When Quasimodo returns, he finds Esmeralda is gone. He confronts Frollo, who admits he has handed her over to the authorities. Frollo reveals the truth of Quasimodo's origins, denouncing him as a cursed freak, and brutally whips him. He attempts to strike him again, but the hunchback finally stands up for himself.

Esmeralda is once again led to be hanged. As the execution is about to take place, the Roma rebel and demand her freedom. Quasimodo, now at the top of Notre Dame, confronts Frollo, hanging him over the edge of a balcony. He forces the archdeacon to confess his crime to the crowd below. Believing that his confession will bring him absolution, Frollo screams, "It was I!", shocking King Louis XII. Esmeralda is freed.

She runs back to Notre Dame to thank Quasimodo, but Frollo, once again overcome with temptation, attempts to stab her. Quasimodo intervenes and takes the blade himself. A final fight breaks out between Quasimodo and Frollo, leading to Frollo falling from the cathedral to his death.
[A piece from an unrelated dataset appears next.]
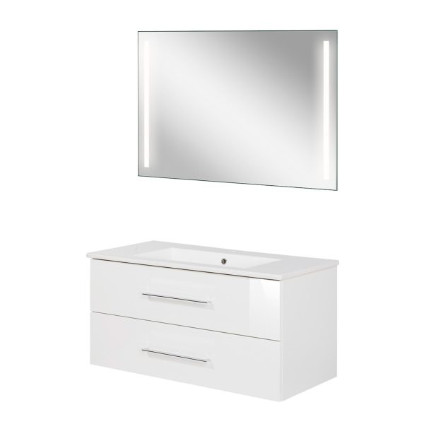 Produktbeschreibung: FACKELMANN B.PERFEKT Waschtisch Set mit Spiegel 103 cm breit, Weiß, Waschbecken Keramik Weiß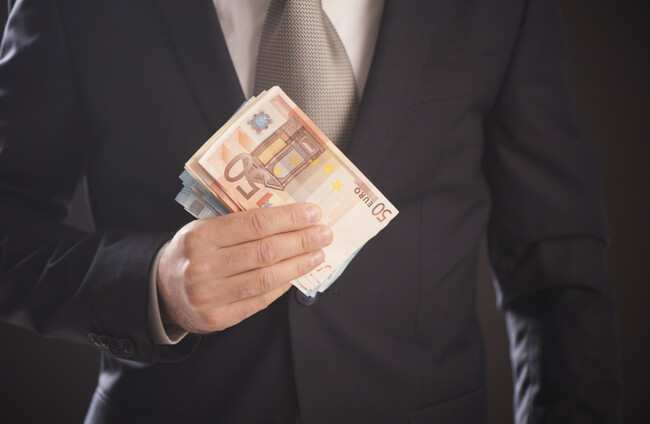 As a Friday treat, Mr Moneybags takes a bag full of money to let his workers have a lucky dip. He explains that there is a mix of €5, €10 and €20 notes in the bag and everyone could pull one note out.

In his final moments, as Esmeralda tries to tend to his stab wound, Quasimodo tells her that the pain is too much, and that the biggest wound lies in his heart. He dies peacefully as Esmeralda and Gringoire ring the bells of Notre Dame in tribute to him.

==Production==
The filming locations were Budapest, Prague, and Rouen from July through September 1996. This television film was released a year after Disney's animated musical version. Mandy Patinkin had been cast as Quasimodo in Disney's version, but left the role when he clashed with producers over the portrayal.

"I wanted to play Quasimodo for real," says Patinkin, who won a Tony for "Evita" and an Emmy for CBS' "Chicago Hope." But the producers wanted something different. "They had their own Disney needs," he explains. "I just right there at the audition said, 'I can't do this.' "

==Reception==
The film received mixed reviews from critics. Howard Rosenberg of The Los Angeles Times said the TV version was well-produced but inferior to Victor Hugo's book. He liked Richard Harris's strong acting and thought Salma Hayek was attractive, but was critical of Mandy Patinkin as Quasimodo, saying his performance wasn’t as touching as Charles Laughton's in the 1939 movie Josh O'Connor of The New York Times also praised Harrris' performance, but dubbed the film 'old fashioned'. Variety praised the production design, but criticised the script as a 'flat adaptation'.

==Differences from the novel==
While the novel takes place in the 1470s-80s during the reign of Louis XI, this version moves the setting to the 1500s and the reign of Louis XII.